- Genre: Drama
- Written by: Richard and Esther Shapiro
- Directed by: Daryl Duke
- Starring: Ronny Cox
- Music by: Peter Matz
- Country of origin: United States
- Original language: English

Production
- Executive producers: Richard and Esther Shapiro
- Producer: George Eckstein
- Cinematography: Bill Butler
- Editors: David Saxon Mark S. Westmore
- Running time: 100 minutes

Original release
- Network: NBC
- Release: July 17, 1989

= When We Were Young (film) =

1989 film

When We Were Young, also known as That Magic Moment and Moments, is a 1989 television film directed by Daryl Duke and starring Ronny Cox. It was written by Richard and Esther Shapiro.

== Plot ==
California, June 1959. Paige Farrell (Lindsay Frost), a wealthy young femme fatale, has just graduated from high school and is now celebrating at rich classmate Lee's (Dylan Walsh) mansion. He tries to seduce her, but Paige ignores his affections due to her relationship with working class boy Michael Stefanos (Grant Show). Michael himself is quite popular with the opposite sex as well, as even Paige's mousy best friend Ellen Reese (Cynthia Gibb) admits that she fantasizes about him. At the same party, aspiring singer Linda Rosen (Jane Krakowski) - known for having had many bed partners - tries to perform a song, but stage fright causes her to be bullied off the stage. Vulnerable, she gives into inexperienced Alex Twining's (Jace Alexander) attempts to court her. They are about to have sex in a motel, when Linda starts to vomit, ruining the night. Later at night, some of the students drive home and get into a car accident, killing Phillip and Cecily, a beloved couple who were set to marry.
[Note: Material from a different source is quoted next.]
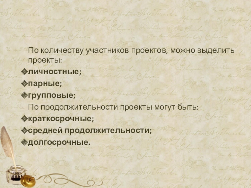 Слайд 8По количеству участников проектов, можно выделить проекты:

Ben Kirkland (Steven Weber), who owned the car, feels guilty for having allowed them to drive the car even though they were drunk.

Sixteen months later in New England, the group is now focussing on their future. Paige's powerful and intimidating father Matthew (Ronny Cox) is not satisfied with his daughter's boyfriend Michael, who now works in a garage with high school friend Virgil Hawkins (Eriq La Salle). When he finds out that Paige and Michael are engaged, he tries to prevent his daughter from marrying a garage worker by firing Michael's father (who previously worked for him). Michael is enraged that his father has been fired because of a personal conflict, and promises to one day destroy Matthew. Paige, however, continues to support her father and breaks the engagement. Along with Virgil, Michael comes up with plans to destroy Farrell's business, but his father warns him not to get involved with him. Nevertheless, Michael gets closer to the Farrell office through sleeping with Ellen, who now works as his secretary.
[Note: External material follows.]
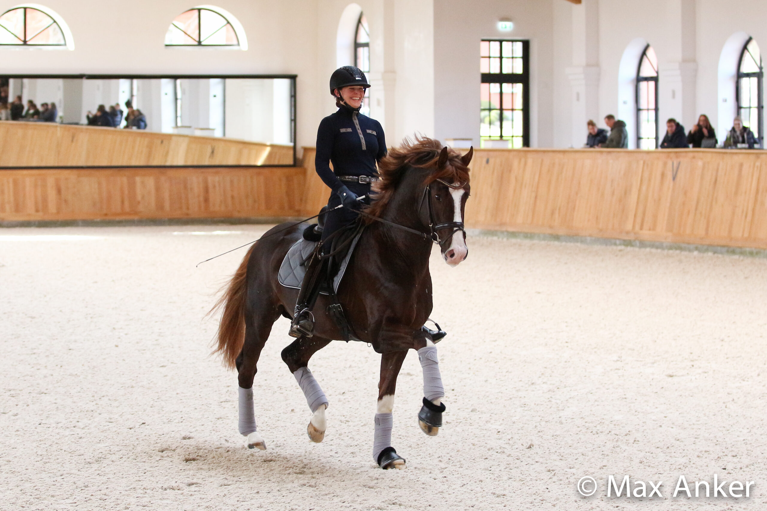 Dieser äußerst charmante Prämienhengst ist eine Freude unter dem Sattel wie im täglichen Umgang. Immer mit Motivation bei der Arbeit, sei es im täglichen Training in der Halle oder im Gelände wo er auch mit Freude jeden Baumstamm nimmt – Balance und Sportlichkeit sind ihm in die Wiege gelegt.

Quickly, Paige starts to miss Michael and starts to doubt about her father's integrity at work. She arranges a passionate weekend with Michael at the beach, which abruptly ends when Paige announces that she will marry Lee, and move to Boston. Heartbroken, Michael merges with Farrell's biggest competition: Bartman. Meanwhile, Ben and Alex are upset with the newly announced engagement as well, and aspire to break up the couple. Ellen has other worries, as she realizes that she is pregnant. Michael promises to marry her as soon as she has money, which he tells her he can arrange if she steals personal information from Farrell. Ellen is offended that Michael is asking such from her, and realizes now that she is a simple tool for him to get closer to Farrell.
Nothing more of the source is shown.